Realize the "window of power generation"

The company is cooperating with Yamagata University and others on the research and development of organic thin-film solar cells. One of its characteristics is that an almost transparent organic thin-film solar cell is realized by using a special transparent material as the anode. The smart power window takes advantage of this function and aims to become a “power window” that allows you to see the scenery outside.

The intelligent power window uses 96 organic thin-film solar cells of 50 mm square. The organic thin-film solar cells are sandwiched between transparent acrylic panels, which are attached to the interior of the building. Because it can block ultraviolet and infrared rays, it also has the effect of preventing indoor furniture from fading due to sunlight.

Currently, the smart power generation window has been demonstrated as a window for the "Smart Future House", an organic electronics demonstration facility opened by Yamagata University in Yonezawa City, Yamagata Prefecture, and the company is continuing to verify power generation. So far, it is said that it generates about 3Wh/hour of electricity per day on average.

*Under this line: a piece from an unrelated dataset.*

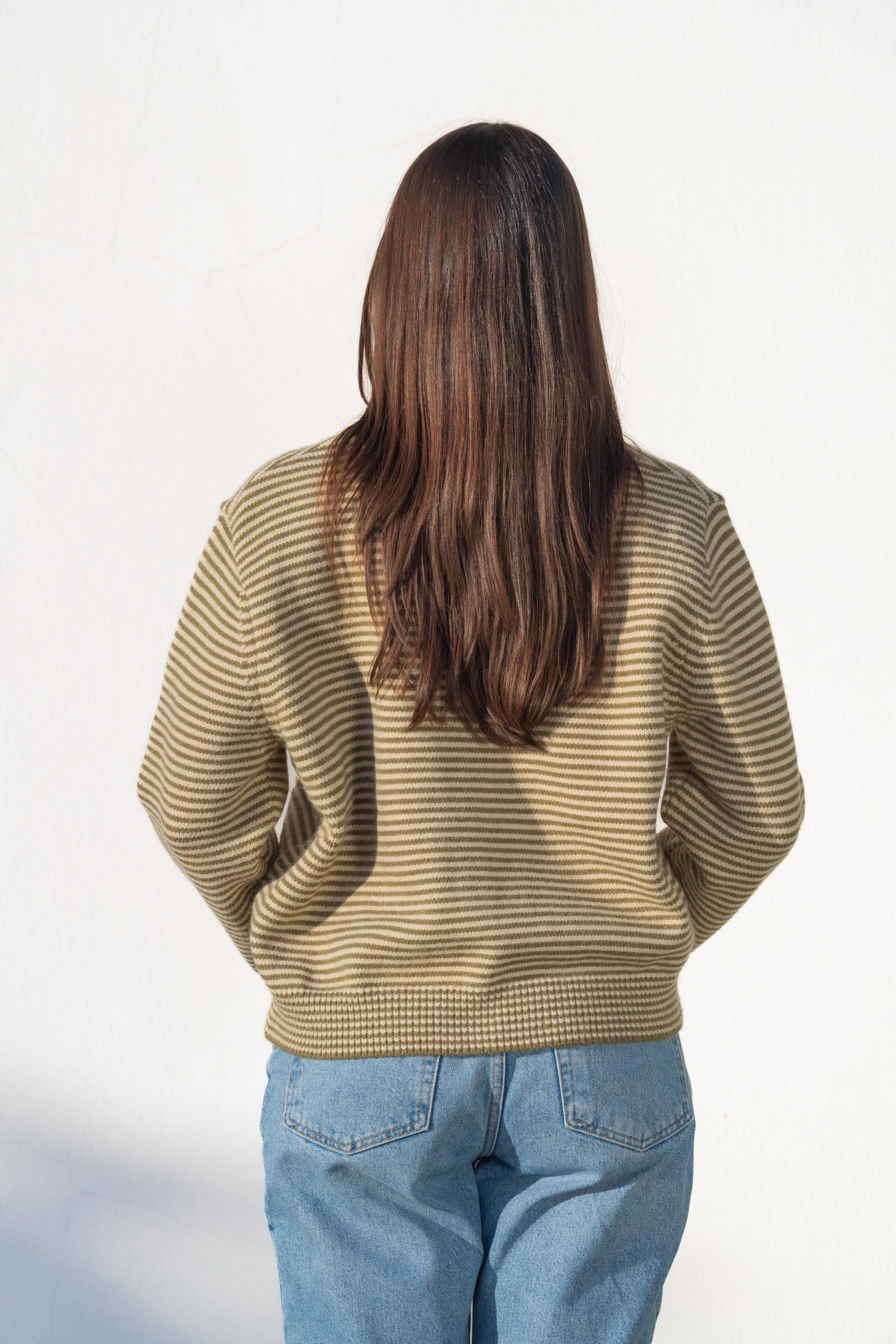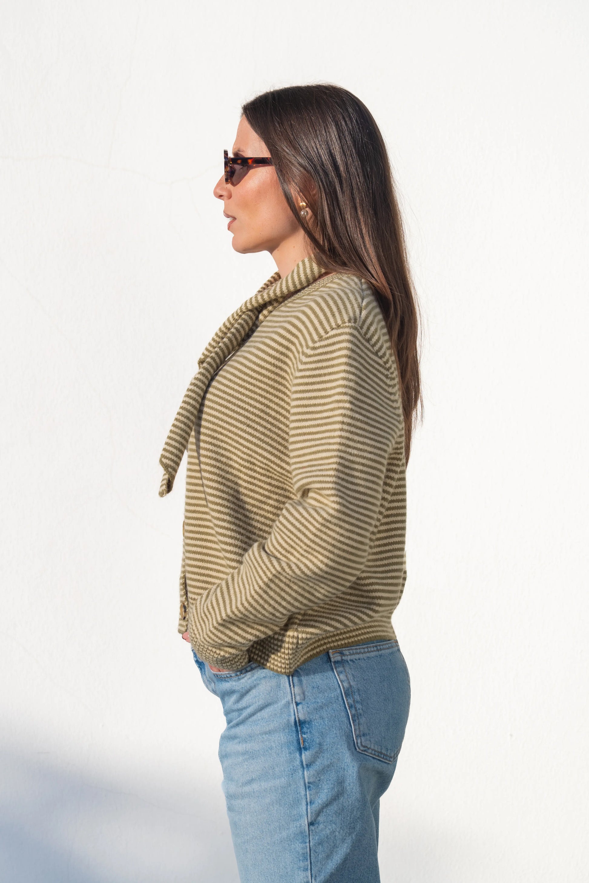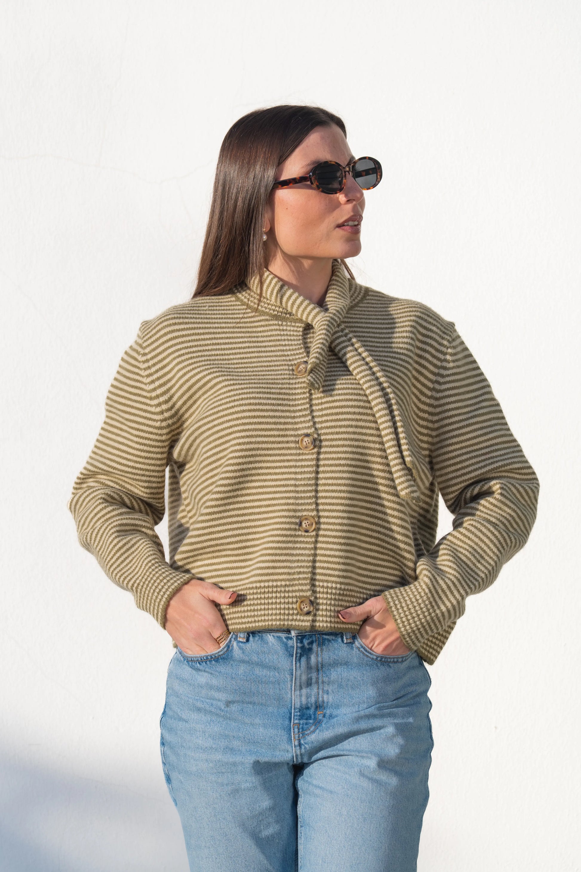 Cardigã em malha tricotada com padrão de riscas horizontais verde e cru. Echarpe removível, permitindo criar laço, nó ou cair solta para um visual descontraído. Corte reto e ligeiramente curto, ideal para coordenar com calças de cintura subida ou saias midi. Fecho: Frontal com botões em tom natural. Tecido: Malha macia e confortável, de toque quente e leve.

The power generation efficiency of the developed organic thin-film solar cell is about 3.5% at the highest, and the transparent type is about 2%. Although the power generation is not large, it is said that it will continue to increase in the future. At present, the commercialization time of organic thin-film solar cells has not yet been determined, but taking advantage of its thinness, low cost and transparency, it is considering future cooperation with building material manufacturers for commercialization. In addition, the company is developing organic thin-film solar cells that can be applied to flexible curved surfaces, and plans to expand the application range of solar cells.